20130910

8(日)
労働。帰宅すると(…)が寿司を購入して待っていてくれた。フライトの経由先であるバンコクでの宿泊手続きやら大学の新セメスターの登録やら調べものやらの細々としたアレで一日中パソコンとにらめっこしていたという。飯食ってイチャついて眠くなるまでおしゃべりして就寝。
 
9(月)
労働。カウチサーフィンで知り合った日本人男性と上賀茂神社にちびっこたちの相撲を見に行っていた(…)であるが、しきりに疲れたと連呼するのでどういうわけかとたずねると、どうも信じられない距離を徒歩で移動したらしい。顔も胸元も真っ赤に日焼けしている。おまけにくだんの日本人は英語が全然だめだめだったという。去年の夏のおれくらいだったとたずねると、まったくそのとおりという返答。イエス、それは間違いなくつらい。おまけにシャイだし優柔不断だしわたしようやく典型的な日本人に会った気がするわ、あなたはわたしにとってとてもノーマルだけれどでもこの社会においてはどうだか知れたものじゃないわね。
 
10(火)
朝食パンケーキ。プリンターのインクと(…)のヘアバンドを購入するべくビブレに徒歩で出かける途中、ロンドンのボーイフレンドは浮気しているに違いないとまくしたてるので、どうしてわかるのかとたずねると、定期的に送信されてくるE-mailの日常報告があまりに抽象的すぎるからだという。今日は友達といっしょに出かけただとか友達と一緒に飲んだだとか、その友達っていったい誰なのって話なのよ、彼には大学外にたくさんの友人がいるらしい、それは知ってる、けれどその友人のひとりとしてわたしは知らないのよ、もう知り合ってから二年も経つのに! わたしもうロンドンに戻りたくないわ、彼にも会いたくないし住む家だって探さなきゃならないし大学の授業もまたはじまる、ほんとうに気が滅入ってくる。(…)のボーイフレンドはLSDが大好きで、おなじ好き者同士で集まってはしょっちゅう喰らっているらしいのだが、どうもその方面のツレと浮気しまくっているんじゃないかと、これは女の勘よと(…)は強調していう。ねえ、どうして男ってのはみんな浮気するわけ?(おまえがそれを言っちゃうわけと思いながら)いくらかの男は、だろ。

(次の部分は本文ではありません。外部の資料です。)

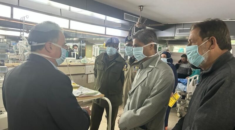 Srinagar, Nov 06 : Director General of Police (DGP) R R Swain on Monday evening visited SKIMS to enquire about the health condition of a Police Inspector Masroor Wani, who was attacked by a terrorist with pistol shots while he was playing cricket with other members of the local community.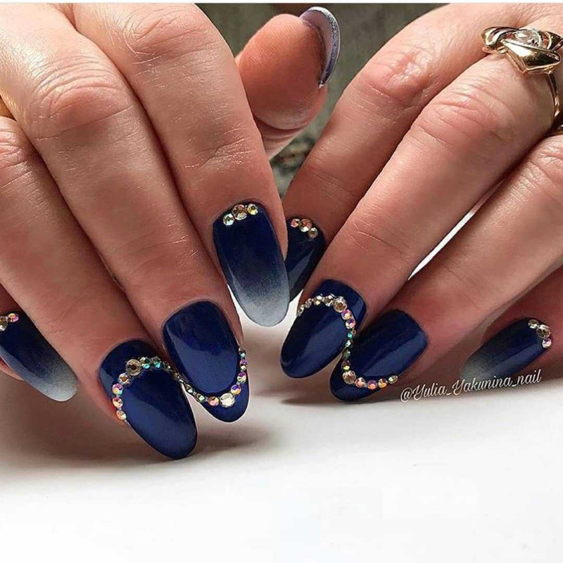 Их часто располагают около кутикулы формой, повторяющей изгиб, либо треугольником. Можно внести нотку разнообразия и разместить стразы в единичном порядке или геометричными полосками.

そうね、で、あなたは浮気しないの?少なくともこれまでしたことはない。あなたのそういうところすごくいいと思うわ。おれもそう思うよ。でもときどき執筆と浮気するわね。それは浮気といわない。彼女がベッドで裸で待っているのに平気で無視して書き物するじゃない。たまたま気づかないだけだよ、集中しすぎているんだ、声をかけてくれればいい。それって惨めよ。以前付き合っていた娘にも似たようなことをいわれたことがある、あなたはわたしよりパソコンのほうが好きなのねって。わたし彼女の気持ちすごくわかるわ。なか卯で衣笠丼を食し、アジア系の雑貨店を冷やかしたのち、帰宅。(…)がカフェの手伝いに昼過ぎから出かける予定だというのでそのつもりで動いていたのだが、帰宅するなり今日はどこにも出かけたくない、ひとりで本を読みたいと言い出し、ドタキャン。冴えわたった自己中の有無をいわさぬ発露を、巻き込まれた当事者目線よりやや離れた位置からはじめて傍観。なるほど、こういう思考回路なのかと思う。いずれにせよこちらはPC片手に当初の予定どおり単独行動させてもらうだけだというつもりでいたのが(そうして(…)自身あなたはやくカフェにでも出かけていきなさいよと茶化すようにこちらをうながしていたのが)、出かけるまぎわになって結局ちょっとイチャついていきなさいよという命令に転じ、一昨日交わした約束をいきなり破り去るようにいう。この点についてことを終えたあとで一悶着生じたが、わたしは矛盾だらけなの、そのときそのときの気分にだけ従うだけだから、あなた知っておいたほうがいいわよ、これが女なんだから、という(…)の言葉にもはや怒る気力もなく笑いながら沈没し、目覚めれば18時半。夕食をとり、大家さんを題材にした(…)さんのドキュメンタリーをそろって視聴し、そうしてまたすぐに眠った。